The y, as the polynomial fit, represents the observation error. The a, b, c, d, e, and f are the coefficients. The x represents the STD of OMB. Before reaching a maximum STD of OMB value, observation error follows these polynomial fit values and the rest remain constant with the highest value of polynomial fit. The flowchart of LOEI model is displayed in Figure 2.

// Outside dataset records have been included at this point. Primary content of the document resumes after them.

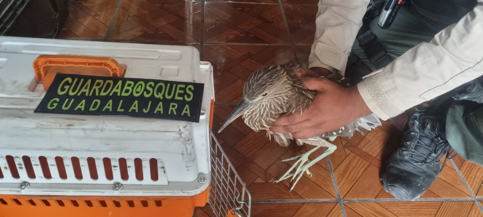 Oficiales de Guardabosques de la Comisaría de Seguridad Ciudadana de Guadalajara aseguraron a un loro y una garza que contaban con lesiones, en las colonias San Andrés y San Rafaél.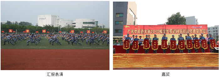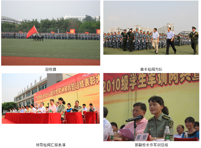 2010年9月29日下午,我校2010级学生军训阅兵暨总结表彰大会在大学城校区生活区体育场隆重举行。省军区军训办方裕平主任、省教育厅体卫艺处侯波同志、白云区武装部冷常春政委、中国人民解放军军事体育进修学院牛贵君大队长,军训团欧洪江团长、军训团王海柳政委,学校党委黄斌书记、徐志伟校长、孙晓生副书记、陈英华副书记、王宁生副校长、王新华副校长、刘晟副校长、郭姣副校长、学校军训领导小组成员、有关职能部门、二级学院负责人,兄弟院校武装部领导等出席大会。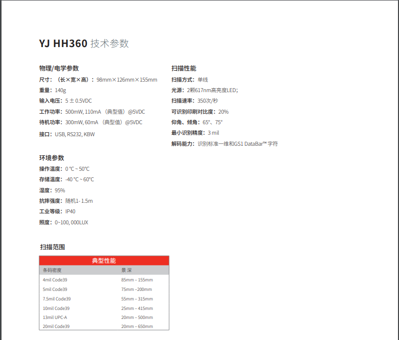 霍尼韦尔HH360一维有线影像扫描仪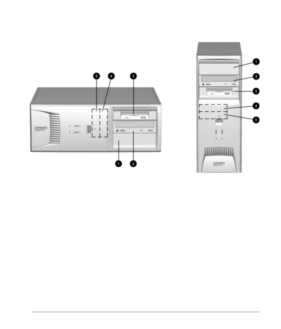 Two 5.25-inch, half-height bays for optional drives (labeled as drive bays 1 and 2)

2.2.2. Observation Operator

Currently, the WRF data assimilation (WRFDA) system interfaces with the two most popular fast RTMs: Radiative Transfer for Television Infrared Observation Satellite Operational Vertical Sounder (RTTOV), developed and maintained by the European Organization for the Exploitation of Meteorological Satellites (EUMETSAT), and the Community Radiative Transfer Model (CRTM) [32], developed by the United States Joint Center for Satellite Data Assimilation (JCSDA) [33]. In this study, CRTM is used as the observation operator for calculating simulated radiance data from the model state vector. CRTM converts the radiative transfer problem into various components: surface emissivity/reflectivity model, aerosol and cloud absorption scattering model, and gaseous absorption model. The inputs of the CRTM are pressure, temperature, water vapor, and water content of six hydrometeor types (rain, snow, ice, graupel, and hail) from the background. The general RTM equation assumes plane parallel, non-polarized atmosphere, and vertically-stratified, the monochromatic radiance can be written as Equation (4) [33]:

$$\frac{dI\left(\tau ;u,\varphi \right)}{d\tau }=-I\left(\tau ;u,\varphi \right)+(1-\varpi )B(T)+\frac{\varpi }{4\pi }\int P(\tau ;u,\varphi ;u^{\prime },{\varphi }^{\prime })I(\tau ;u^{\prime },{\varphi }^{\prime })d{u}^{\prime }d{\varphi }^{\prime }+\frac{\varpi }{4\pi }P(\tau ;u,\varphi ;-u_{\otimes },{\varphi }_{\otimes })F_{\otimes }{e}^{\frac{-\tau }{u_{\otimes }}}$$

(4)

where $I,\tau ,B,P,\varpi$ represent intensity, optical depth, Planck function, phase function, and single-scattering albedo, respectively. In the direction of incoming $(u^{\prime },{\varphi }^{\prime })$ and outgoing ($\mu ,\varphi )$ light beams, where μ’ = cos(θ′) and μ = cos(θ), θ′ and θ are the zenith angle and φ′ and φ the azimuth angle. $F_{\otimes }$ represents the solar irradiance incident in the direction $(-u_{\otimes },{\varphi }_{\otimes })$, where the minus sign indicates downward propagation. Term A is negative due to attenuation of radiation by extinction. In the right hand side of Equation (4), the first two terms are positive due to an increase in the radiation provided by the source functions. The last term can be ignored in the microwave and infrared spectral range. The CTRM has a solver that solves the RTMs equation for given atmospheric optical depth profile, surface emissivity and reflectivity, cloud optical parameters, and source functions. CSR simulation does not involve scattering, in which the the third term can be ignored, yielding the Schwarzschild’s equation. For all-sky cases, the radiative transfer is solved with the advanced doubling adding method [34].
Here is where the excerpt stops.